In this hero’s journey you will learn he six essential storytelling aptitudes on which professional succes and personal satisfaction increasingly will depend. Story Design, Story Plot, Story Symphony, Story Archetypes, Story Resolve and Story Meaning. These are fundamental human storytelling abilities that everyone can master – and helping you to do that is my goal.

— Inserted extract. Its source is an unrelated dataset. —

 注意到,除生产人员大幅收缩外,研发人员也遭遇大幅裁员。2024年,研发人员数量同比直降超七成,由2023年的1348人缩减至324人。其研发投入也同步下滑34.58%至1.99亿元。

A change of that magnitude is complex. But the argument at the heart of the Hero’s Journey is simple. For nearly a century Western society in particular has been dominated by a form of thinking and an approach to life that is narrowly reductive and deeply analytical. Ours has been the age of the “knowledge worker”, the well-educated manipulator of information and deployer of expertise. But that is changing. Thanks to an array of forces – material abundance that is deepening our nonmaterial yearnings, globalization that is shipping white-collar work and powerful technologies that are eliminating certain kinds of work altogether – we are entering a new age. It is an age animated by a different form of thinking and a new approach to life – one that prizes aptitudes that I call ‘great story’ and ‘great purpose’. Great story involves the capacity to detect patterns and opportunities, to create artistic and emotional beauty; to craft a satisfying narrative, and to combine seemingly unrelated ideas into something new. Great purpose involves the ability to empathize with others, to understand the subtleties of human interaction, to find joy in one’s self and to elicit it in others, and to stretch beyond the quotidian in pursuit of purpose and meaning.

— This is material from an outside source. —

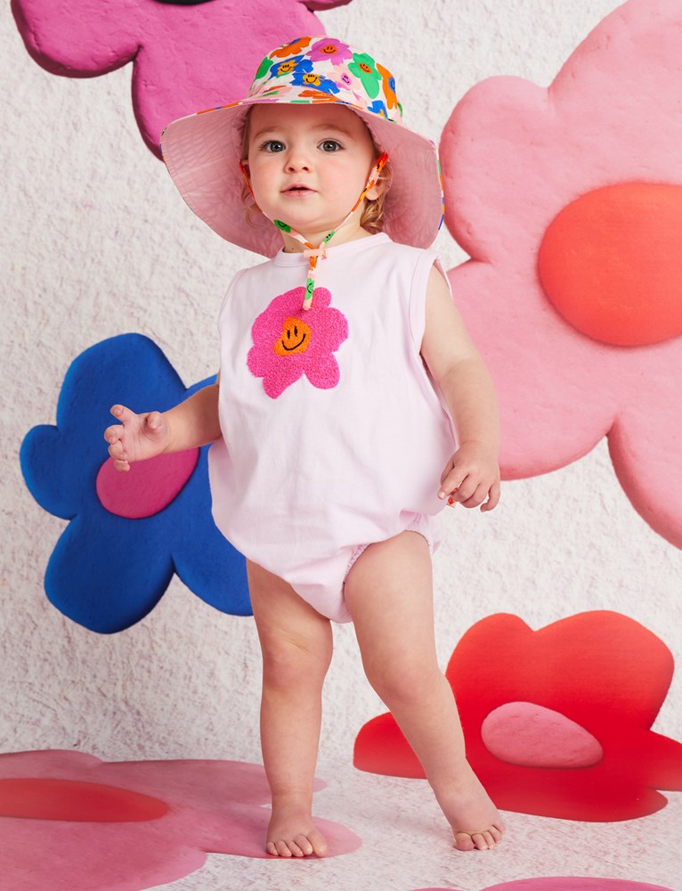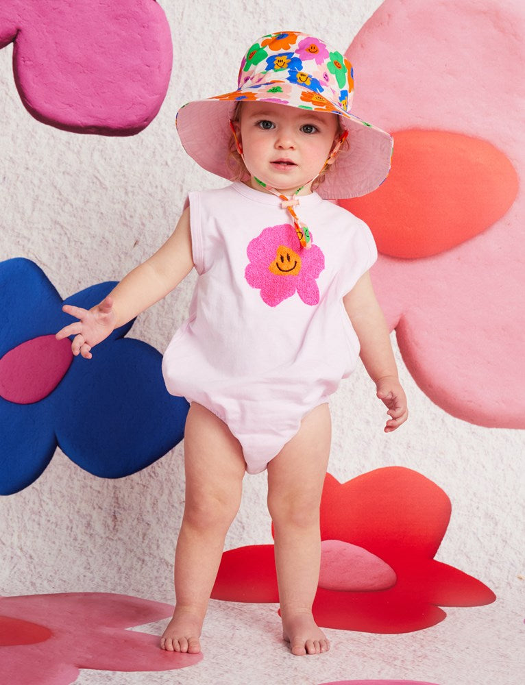 Get ready to embark on a playful adventures with our Hej Blomma! Singletsuit.

As it happens, there’s something that encapsulates the change I’m describing – and it’s right in your head. Our brains are divided into two hemispheres. The left hemisphere is sequential, logical, and analytical. The right hemisphere is nonlinear, intuitive, and holistic. These distinctions have often been caricatured. And, of course, we enlist both halves of our brains for even the simplest tasks. But the well-established differences between the two hemispheres of the brain yield a powerful metaphor for interpreting our present and guiding our future. Today, the defining skills of the previous era – the “left brain”capabilities that powered the Information Age – are necessary but no longer sufficient. And the capabilities we once disdained or thought frivolous – the “right – brain” qualities of inventiveness, empathy, joyfulness and meaning – increasingly will determine who flourishes and who flounders. For individuals, families and organizations, professional success and personal fulfillment now require new storytellers.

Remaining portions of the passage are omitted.